Semiconductor “dust” enables low cost solar cells, LEDs

The U.S. Patent Office has issued US Patent No. 8,859,310 to Versatilis LLC that shows how fine semiconductor particles, powders or fines, often the waste byproduct of dicing semiconductor wafers into ever smaller chips, can be processed into a sea of low cost solar cells or micro-LEDs.

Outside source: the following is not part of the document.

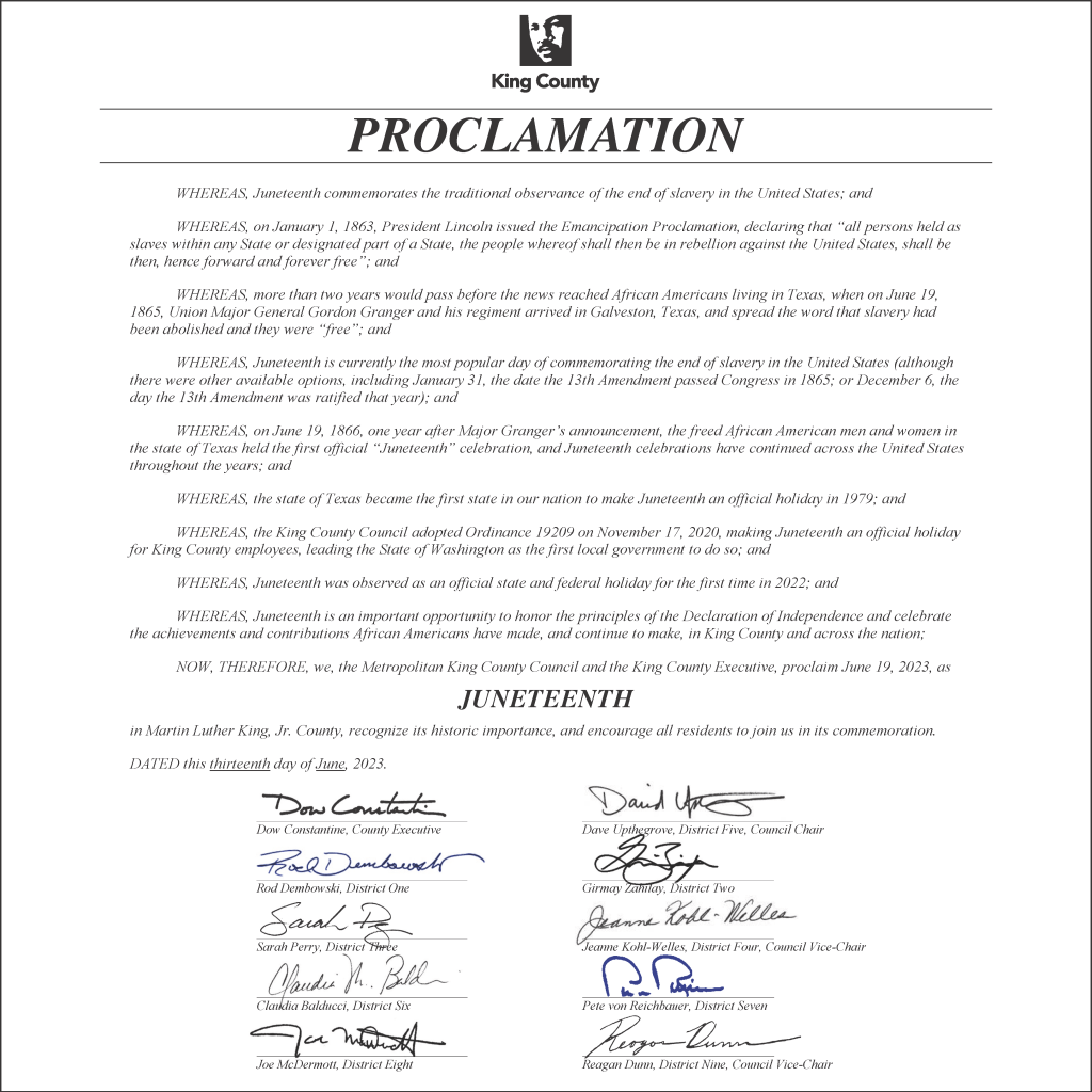 King County Executive and County Council proclaim June 19, 2023 as Juneteenth

A principal challenge in making such devices has always been forming the active layer, whether the light absorbing layer in a solar cell or the light-emitting layer in a LED. This has also been the most costly and capital-intensive part of the manufacturing process, since the active layer must be made to high standards of semiconductor crystal quality and uniformity. Leading solar cells, for example, use mono- or poly-crystalline silicon wafers, while LEDs use variants of Gallium Nitride (GaN) on expensive sapphire, Silicon Carbide or even GaN wafers. In many cases, these materials are thicker than needed, the added thickness lending structural support to the end device without adding to efficiency, but contributing to overall cost and weight of the structure.

Versatilis shows instead that the active layer can be made from semiconductor fines or powders of single crystal particles densely packed into a monolayer, in a configuration not unlike sandpaper one particle thick, and then further processed into active diode structures serving as solar cells, for example, or as LEDs. Such particles are readily available, often a byproduct of other processes or made inexpensively off-line, or sometimes chemically synthesized. Silicon fines, for example, are widely available, screened for a desired size distribution, as are CIGS and GaN particles, the latter chemically synthesized. And a small amount of such “dust” can go a long way; for example, a kilogram of one micron single crystal CIGS particles used as micro-solar cells can cover an area over 300 square meters, resulting in very low costs per unit area.

“By levering cheap, ex-situ produced and optimized, single or polycrystalline powders and fines for Si, Ge, CIGS, GaN, ZnO as the starting raw material and wrapping unique processing techniques around that, we can produce highly functional opto-electronic devices with reduced infrastructure, processing, and material utilization cost,” stated Ajay Jain, Versatilis CTO and inventor of the now patented technology.

The potential cost savings have led others to try using semiconductor particles in a variety of ways, however, none have proven commercially practical. A major challenge has been to lay down these particles quickly enough and as a monolayer. Similarly, researchers have shown basic functional devices with nanorods, nanowires and other semiconductor “nanostructures” in the lab, only to be stopped by a general lack of production ready manufacturing technology for nanoscale, including suitable tools for in-line process metrology and characterization.

In addition to processing semiconductor particles into useful devices, Versatilis has unique fluidics technology for rapidly depositing such particles as a monolayer, from nano to microscale, on wafers or in a continuous, high-speed web. It had licensed the technology to VersufleX Technologies (http://www.versuflex.com), who are beginning to sell benchtop process tools to R&D labs based on this technology. The process can tolerate reasonable variation in particle size and shape, and there are a variety of methods possible for orienting particles floating on the surface of a fluid medium.

“This technology will not set performance records for efficiency in PV cells nor in lumens/watt for LEDs, but we believe there is no cheaper, more practical way to realize semiconductor diode based functionality over a large, flexible area,” added George Powch, Company CEO, “We think it can enable low cost Building Integrated Photovoltaics or rival OLEDs with a wholly inorganic large area micro-LED solution.”